You would simply use a small LuaScript:

local tenantId = ARGV[1]
local tmp_or_key = 'tmp:teams'
local notify_key = 'tmp:notification'
local online_key = 'online-users:' + tenantId

-- Store tmp key for all SET bitmaps using OR operator
redis.call('BITOP', 'OR', tmp_or_key, unpack(KEYS))

-- Store the key with the
redis.call('BITOP', 'AND', notify_key, tmp_or_key, online_key)

-- Extract those Ids
local max_index = redis.call('STRLEN', notify_key) * 8
local notified_users = {}
for i = 0, max_index - 1 do
local bit = redis.call('GETBIT', notify_key, i)
if bit == 1 then
table.insert(notified_users, i)
end
end

-- Optional
redis.call('DEL', tmp_or_key)

return notified_users

The Outcome

So revisiting what changed in the infrastructure:

Before, you were doing 30K database operations - which include all the way from Parsing, Planning, Optimizing, Checking Buffer Cache - maybe reading from Disk. It's even worse, if your database is write-specialized like those with LSM Storage Engines.

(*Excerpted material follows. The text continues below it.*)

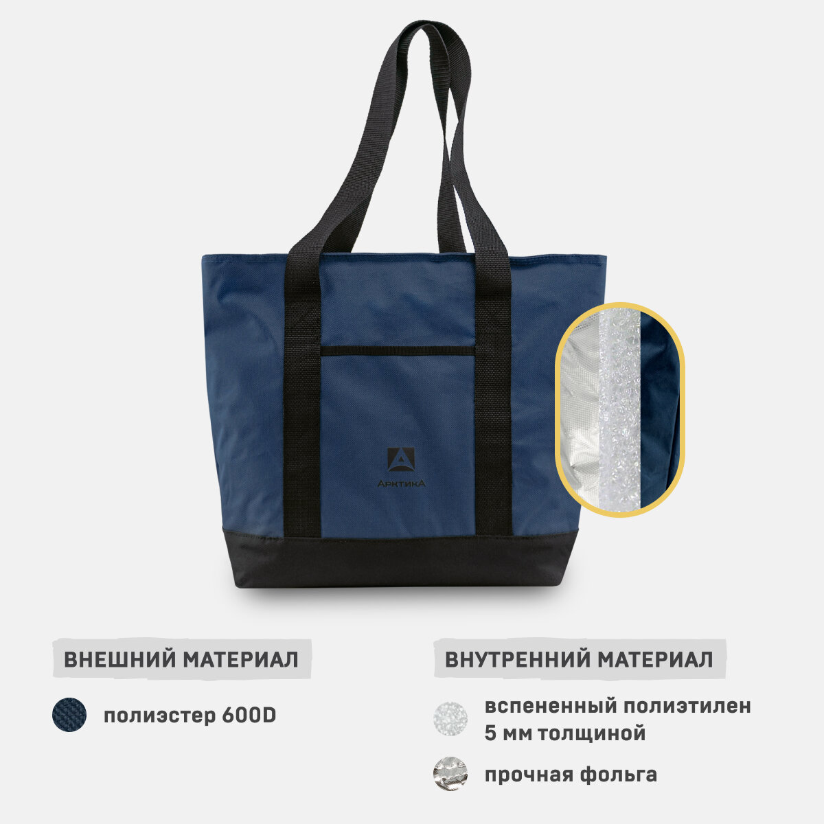 Термосумка холодильник Арктика 3400-17 черная 17 литров шоппер с ручками и внешним карманом

Instead of doing all of this: You are now flipping bits in a pretty-much efficient CPU cache.

The current scenario?

  • Your database is free of abusive reads.
  • It can focus on the write-heavy nature of Chat systems
  • Notifications are now even faster - what took (luckily) under 50ms is now under 1ms
  • Downgrade that database man and save some money!

Take Aways Points Notes

  1. You might be asking yourself if you couldn't do so with normal Sets. And the answer is: Yes. The trade-offs? RAM Storage($$$), CPU Performance and Latency overall
  2. You could easily fit more than 10 Million Users within less than 5GB of data using Roaring Bitmaps!